**Exercise instructions:** The required result is each line of the entries below containing the string "with".
Recorded data Start Marker
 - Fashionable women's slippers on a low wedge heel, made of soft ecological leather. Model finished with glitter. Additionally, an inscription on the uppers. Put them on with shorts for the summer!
Recorded data End Marker
Recorded data Start Marker
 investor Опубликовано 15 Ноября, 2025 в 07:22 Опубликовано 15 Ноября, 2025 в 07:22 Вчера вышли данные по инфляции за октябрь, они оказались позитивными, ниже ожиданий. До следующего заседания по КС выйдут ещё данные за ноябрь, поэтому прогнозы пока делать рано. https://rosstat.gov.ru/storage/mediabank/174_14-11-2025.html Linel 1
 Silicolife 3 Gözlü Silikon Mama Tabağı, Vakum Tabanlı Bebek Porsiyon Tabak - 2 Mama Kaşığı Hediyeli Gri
Recorded data End Marker
Recorded data Start Marker
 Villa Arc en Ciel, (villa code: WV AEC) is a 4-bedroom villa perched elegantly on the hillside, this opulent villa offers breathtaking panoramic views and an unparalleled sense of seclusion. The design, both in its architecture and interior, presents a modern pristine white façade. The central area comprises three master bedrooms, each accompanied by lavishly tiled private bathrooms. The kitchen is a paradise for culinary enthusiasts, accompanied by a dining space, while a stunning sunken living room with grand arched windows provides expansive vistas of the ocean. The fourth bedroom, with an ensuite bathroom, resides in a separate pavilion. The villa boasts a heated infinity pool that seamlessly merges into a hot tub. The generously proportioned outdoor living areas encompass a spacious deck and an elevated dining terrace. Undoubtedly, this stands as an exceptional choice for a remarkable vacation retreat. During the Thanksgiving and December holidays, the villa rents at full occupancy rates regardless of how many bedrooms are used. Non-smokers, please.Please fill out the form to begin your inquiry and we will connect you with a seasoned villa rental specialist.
Recorded data End Marker
**Result for this exercise:**
 - Fashionable women's slippers on a low wedge heel, made of soft ecological leather. Model finished with glitter. Additionally, an inscription on the uppers. Put them on with shorts for the summer!
 Villa Arc en Ciel, (villa code: WV AEC) is a 4-bedroom villa perched elegantly on the hillside, this opulent villa offers breathtaking panoramic views and an unparalleled sense of seclusion. The design, both in its architecture and interior, presents a modern pristine white façade. The central area comprises three master bedrooms, each accompanied by lavishly tiled private bathrooms. The kitchen is a paradise for culinary enthusiasts, accompanied by a dining space, while a stunning sunken living room with grand arched windows provides expansive vistas of the ocean. The fourth bedroom, with an ensuite bathroom, resides in a separate pavilion. The villa boasts a heated infinity pool that seamlessly merges into a hot tub. The generously proportioned outdoor living areas encompass a spacious deck and an elevated dining terrace. Undoubtedly, this stands as an exceptional choice for a remarkable vacation retreat. During the Thanksgiving and December holidays, the villa rents at full occupancy rates regardless of how many bedrooms are used. Non-smokers, please.Please fill out the form to begin your inquiry and we will connect you with a seasoned villa rental specialist.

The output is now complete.